-- Supplied records follows --
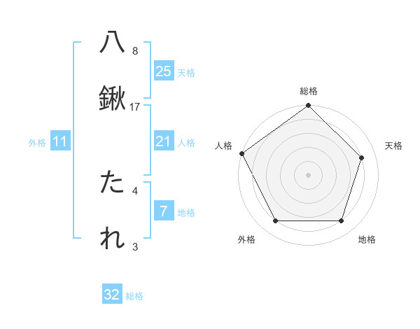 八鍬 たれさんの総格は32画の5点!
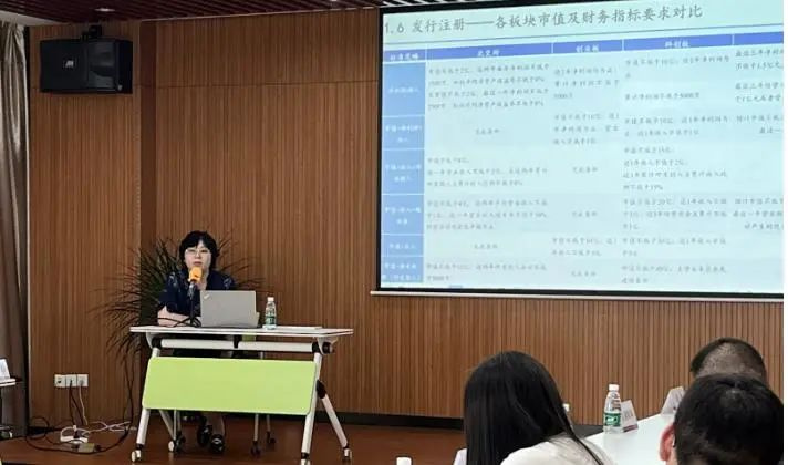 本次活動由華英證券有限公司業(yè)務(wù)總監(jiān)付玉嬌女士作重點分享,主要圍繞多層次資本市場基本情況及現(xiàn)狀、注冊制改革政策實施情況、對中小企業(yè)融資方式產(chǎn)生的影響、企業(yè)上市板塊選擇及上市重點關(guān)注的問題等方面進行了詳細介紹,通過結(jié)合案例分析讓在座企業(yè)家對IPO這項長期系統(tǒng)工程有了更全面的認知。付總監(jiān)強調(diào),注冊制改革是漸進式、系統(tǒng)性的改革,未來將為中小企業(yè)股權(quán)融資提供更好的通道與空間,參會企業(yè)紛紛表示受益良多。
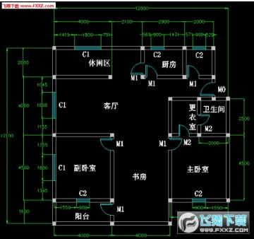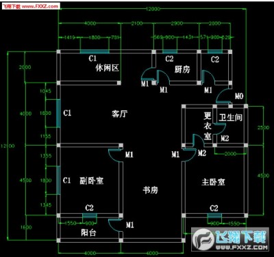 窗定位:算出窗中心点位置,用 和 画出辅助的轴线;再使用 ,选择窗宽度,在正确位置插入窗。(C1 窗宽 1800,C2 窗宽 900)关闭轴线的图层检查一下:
-- Supplied records concluded --
-- Supplied records follows --
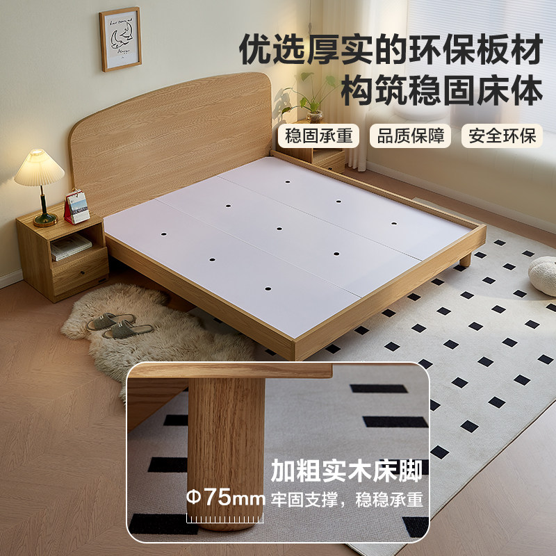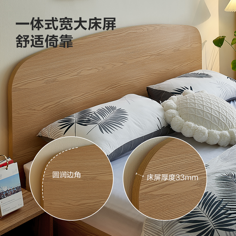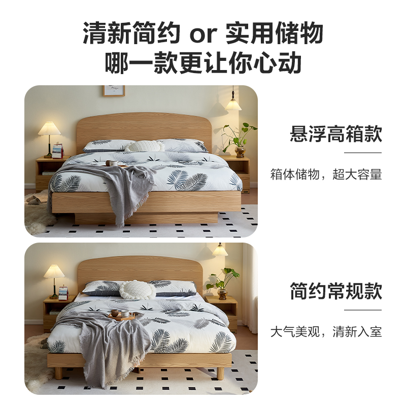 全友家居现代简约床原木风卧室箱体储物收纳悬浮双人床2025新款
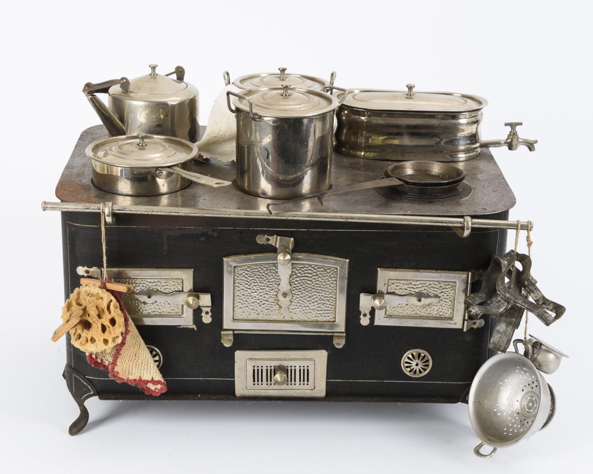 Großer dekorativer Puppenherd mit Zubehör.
-- Supplied records concluded --
Work from the entries above. Set down exactly and only the lines from the line with "八鍬 たれさんの総格は32画の5点!" to the line with "窗定位:算出窗中心点位置,用 和 画出辅助的轴线;再使用", both included, and leave the pictures out.

 八鍬 たれさんの総格は32画の5点!
 本次活動由華英證券有限公司業(yè)務(wù)總監(jiān)付玉嬌女士作重點分享,主要圍繞多層次資本市場基本情況及現(xiàn)狀、注冊制改革政策實施情況、對中小企業(yè)融資方式產(chǎn)生的影響、企業(yè)上市板塊選擇及上市重點關(guān)注的問題等方面進行了詳細介紹,通過結(jié)合案例分析讓在座企業(yè)家對IPO這項長期系統(tǒng)工程有了更全面的認知。付總監(jiān)強調(diào),注冊制改革是漸進式、系統(tǒng)性的改革,未來將為中小企業(yè)股權(quán)融資提供更好的通道與空間,參會企業(yè)紛紛表示受益良多。
 窗定位:算出窗中心点位置,用 和 画出辅助的轴线;再使用 ,选择窗宽度,在正确位置插入窗。(C1 窗宽 1800,C2 窗宽 900)关闭轴线的图层检查一下:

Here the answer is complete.